The 77-year-old’s only demand for director Francis Lawrence (The Hunger Games: Catching Fire) and screenwriter JT Mollner (Strange Darling) was that the film showed its teenage characters getting shot.
“If you look at these superhero movies, you’ll see some supervillain who’s destroying whole city blocks, but you never see any blood,” King said. “And man, that’s wrong. It’s almost, like, pornographic.”
“I said, if you’re not going to show it, don’t bother. And so they made a pretty brutal movie,” the writer of The Shining and Carrie told The Times.
Praising King, Mollner said at Comic-Con in July: “I knew that Stephen King wanted us to go all the way. I knew Lionsgate wanted us to go all the way. If this book got into the wrong hands, studio or filmmakers.
“It could’ve been neutered,” he added. “So I’m very grateful we were able to keep the teeth that the book has.”

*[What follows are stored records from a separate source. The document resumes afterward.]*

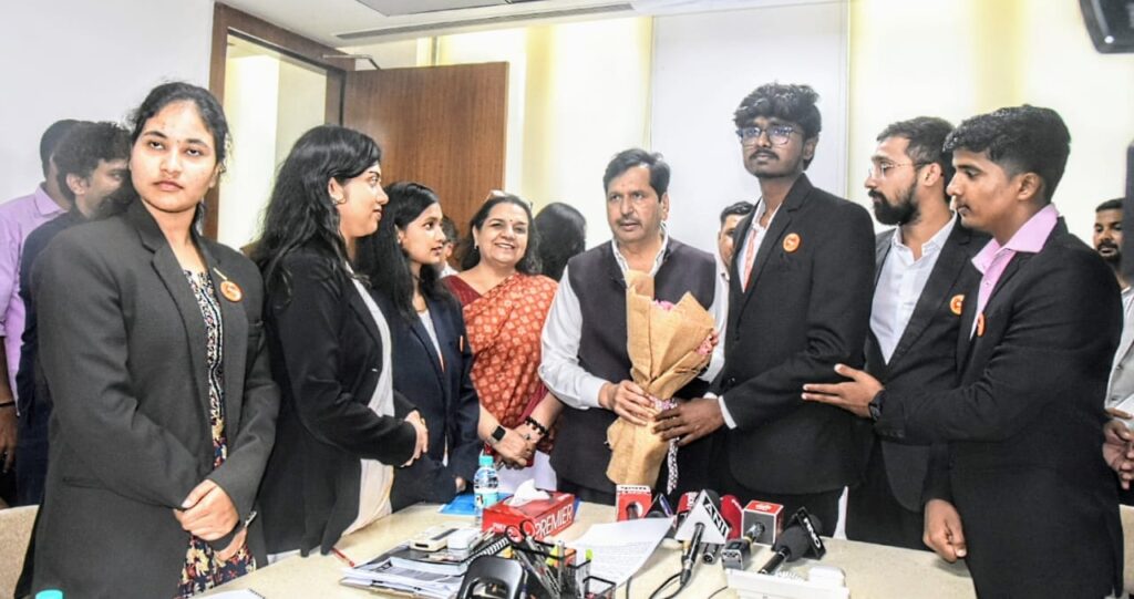Minister Lodha had invited college students to visit his ministerial office, with the objective of familiarizing them with the workings of the government and providing firsthand exposure to administration. During this visit, students were symbolically assigned the minister’s responsibilities for an hour.
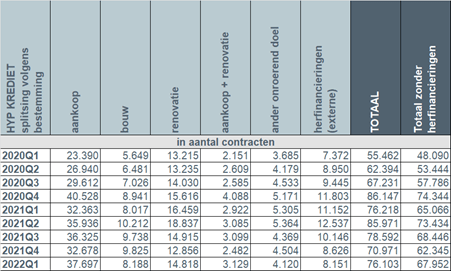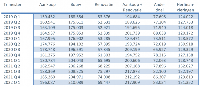 Het aantal kredieten voor de aankoop van een woning (+5.334) lag in het eerste trimester van 2022 16,5% hoger dan in het eerste trimester van 2021. Het aantal kredieten voor aankoop met verbouwing (+207) kende een stijging met 7%, terwijl het aantal bouwkredieten (+171) 2% hoger lag. Het aantal kredieten voor andere doeleinden (-1.185) kende een daling met 22,3%. Het aantal kredieten voor de renovatie van een woning kende eveneens een daling, nl. -10% of 1.641 kredieten minder dan in het eerste trimester van 2021.
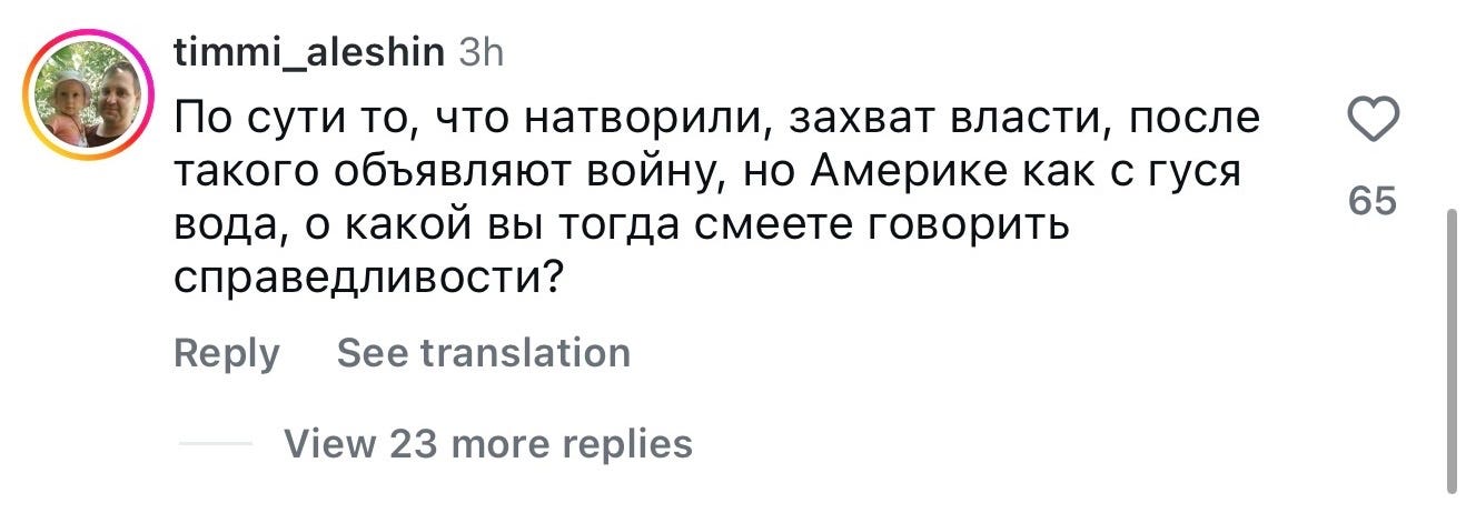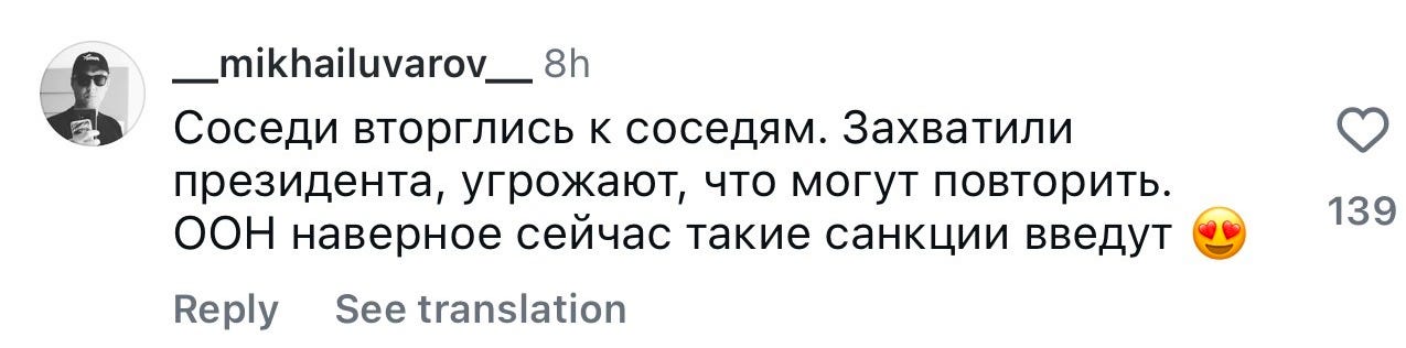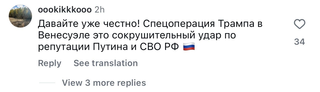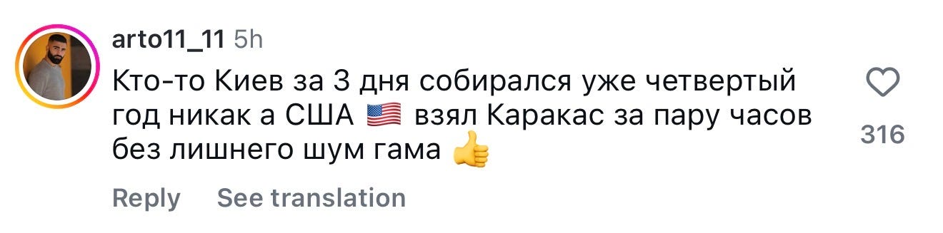 “Or is it different?” is a segment of comments pointing out the double standards. Many people are frustrated at world’s response to the U.S.' invasion of Venezuela. The motives stated by the U.S. official, to prevent adversary influence on a neighboring country and ensure the U.S. national interests, sound particularly familiar to the Russian public. However, we don’t see immediate harsh sanctions for the U.S., compared to the world’s response to invasion of Ukraine.
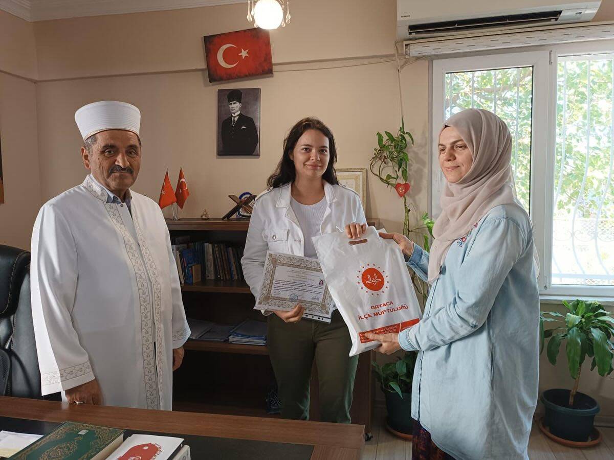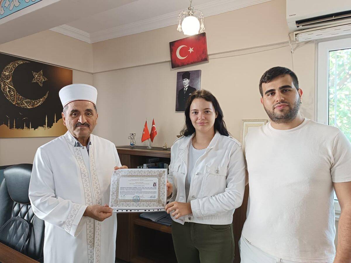 Törenin sonunda Müftü Mahmut Atıcı, Vladlena’ya ihtida belgesi, Kur’an-ı Kerim ve temel dini bilgileri içeren çeşitli kitaplar takdim etti. Atıcı, İslam’ı seçen bireylere yönelik manevi destek ve rehberlik hizmetlerinin sürdüğünü belirterek,
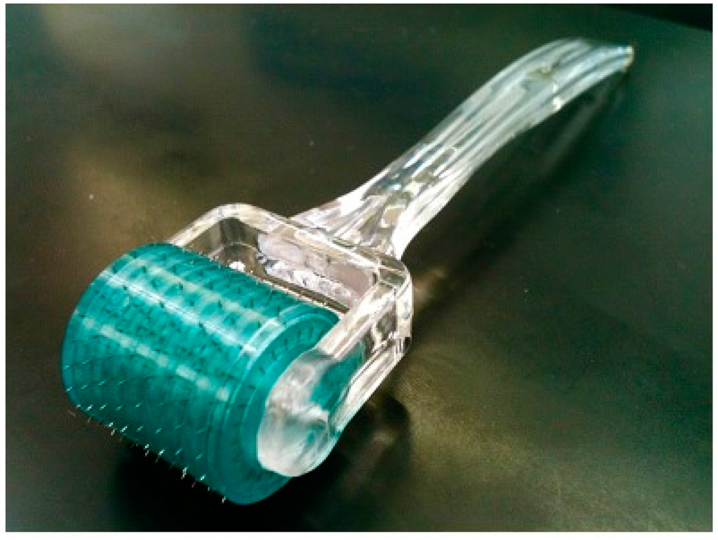 - Badran, M.M.; Kuntsche, J.; Fahr, A. Skin penetration enhancement by a microneedle device (Dermaroller) in vitro: Dependency on needle size and applied formulation. Eur. J. Pharm. Sci. 2009, 36, 511–523. [Google Scholar] [CrossRef] [PubMed]
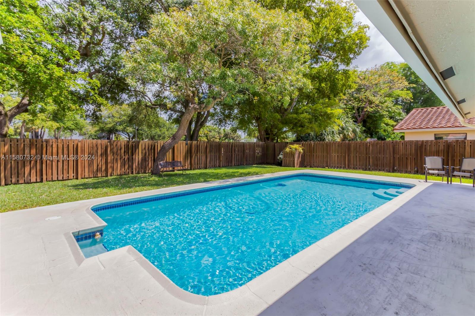 Impeccable one story 3 bedroom 2 bath ranch style home with a large pool located in the sought out community of Cypress Glen in Coral Springs! The kitchen is complete with wood cabinetry, stainless steel appliances, granite counter tops and breakfast area. The bathrooms were completely renovated with brand new vanities, bathtub, modern lighting and tile floors. This renovated home features porcelain tile floors throughout all living areas and luxury vinyl floors in bedrooms. The backyard has a huge grassy yard on both sides of the house. Beautifully maintained garden with large pool and covered sitting area. Backyard is completely fenced-in and very private. This home is protected by accordion shutters.
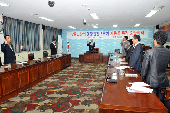 이어 "영광원전은 1986년 상업운전을 시작한 이후 지금까지 152건의 크고 작은 중대한 사고를 일으켰으며 특히 원전 5, 6호기의 경우 상업운전 개시연도 대비 가장 많은 사고를 일으키고 있다"며 "군의회는 5호기를 즉각 가동 중지하라"고 촉구했다.
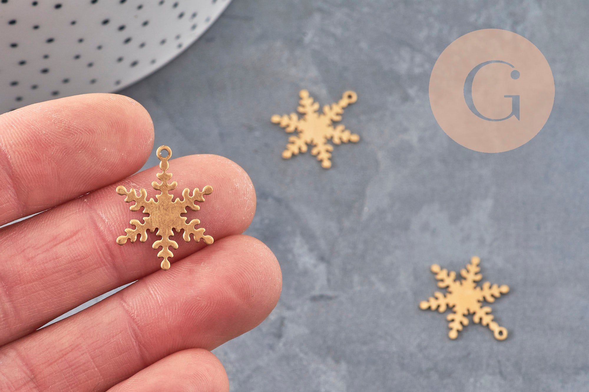 Pendentifs flocon de neige en laiton brut fabriqués aux USA, idéals pour bijoux DIY poétiques et vintage.
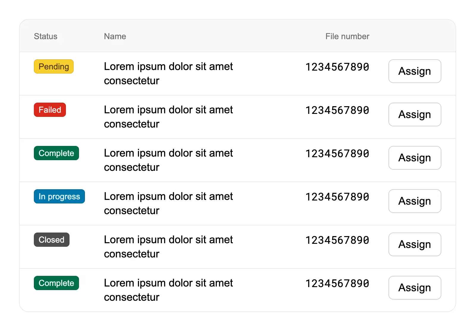 Display status information within table rows using badges to provide clear visual indicators of item states like pending...

The Long Walk focuses on a group of teenage boys who are forced to participate in a deadly high-stakes contest by a totalitarian regime where they must continuously walk at a certain speed or face execution by their military escort.
The film stars David Jonsson (Industry), Ben Wang (Karate Kid: Legends), Charlie Plummer (Lean on Pete) and Cooper Hoffman, the son of the late Oscar winner Philip Seymour Hoffman.
The 22-year-old actor was just 10 when his father died in 2014 from an apparent drug overdose.
Hoffman plays The Long Walk’s main protagonist, Raymond Garraty, who also has a dead father.
Asked by GQ if he had any apprehension toward the role, he said: “Oh my God, how can you not? How can you not see in bold letters, ‘HIS DAD DIED’? It’s just going to be there.”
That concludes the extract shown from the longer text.